Further, Section 230 (1) of the act states that certain other disclosures shall be made while submitting the affidavit in Form No. NCLT-6.
The company willing to merge with the company shall prepare a draft scheme of the merger, which shall be approved through a resolution of the board meeting. A merger through a tribunal protects the rights of the creditors or its members, as the judicial intervention will provide scrutiny over the whole merger process. Moreover, the tribunal will modify the draft scheme of the merger to ensure that the procedure remains transparent at every level. Henceforth, any company willing to enter into an arrangement shall apply to the tribunal.
The NCLT has the authority to hear and rule on cases involving a variety of issues, such as those connected to corporation law, oppression and bad management, company winding up, and other corporate law-related issues.
The NCLT's primary responsibility in a merger is to guarantee fairness and efficient transaction oversight. Additionally, it makes sure that all mergers are carried out in line with the 2013 Companies Act's rules.
Because the merger is a legal procedure, NCLT must get involved. As a result, the Companies Act 2013's Sections 230, 231 and 232 permit mergers or amalgamations through NCLT.
A quasi-judicial body called NCLT was established to handle civil-natured corporate disputes brought about by the Companies Act. pertaining to accusations of exploitation and poor management of a company, firm winding up, and any other authority granted by the Companies Act.
A special majority of each class of shareholders and creditors (in terms of number and value) must accept a plan before the NCLT will approve it. Additionally, SEBI, as well as the appropriate stock exchanges where the securities are traded, must approve any merger involving a listed business.
By ensuring fairness and transparency in share pricing during mergers and acquisitions, SEBI safeguards the rights of minority shareholders.
According to the Companies Act of 2013, a “merger” is the combining of two or more businesses into one, with the intended outcome being more than simply the consolidation of the assets and liabilities of the several entities but also their organisation into a single firm.

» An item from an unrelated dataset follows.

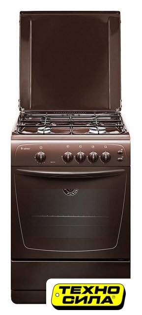 газовая панель + газовый духовой шкаф, газ-контроль конфорок, поверхность: эмалированная сталь, крышка из эмалированной стали, управление механическое, без таймера, размеры (ШхГхВ): 50x57x85 см, цвет коричневый

The practise area whose transactions you most frequently see on the front page of the business section of the newspapers is probably mergers and acquisitions (M&A) or corporate law. The work involves purchasing, selling, merging, demerging (i.e., splitting) businesses and their assets.

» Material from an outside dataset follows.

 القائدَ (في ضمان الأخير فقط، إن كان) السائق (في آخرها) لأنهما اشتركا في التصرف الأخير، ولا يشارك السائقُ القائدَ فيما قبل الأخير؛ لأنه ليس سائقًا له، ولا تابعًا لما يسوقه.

Resolution of Corporate Disputes: The NCLT has the authority to hear and decide corporate disputes, such as those involving oppression and poor management, corporate mergers and acquisitions, compromises and agreements, and company winding up.
According to the NCLT case status, the following are the authorities and obligations: the responsibility to investigate each creditor's claim. The responsibility of taking possession of all assets and protecting any such assets owned by creditors so that the liquidation procedure can maximise value following the sale.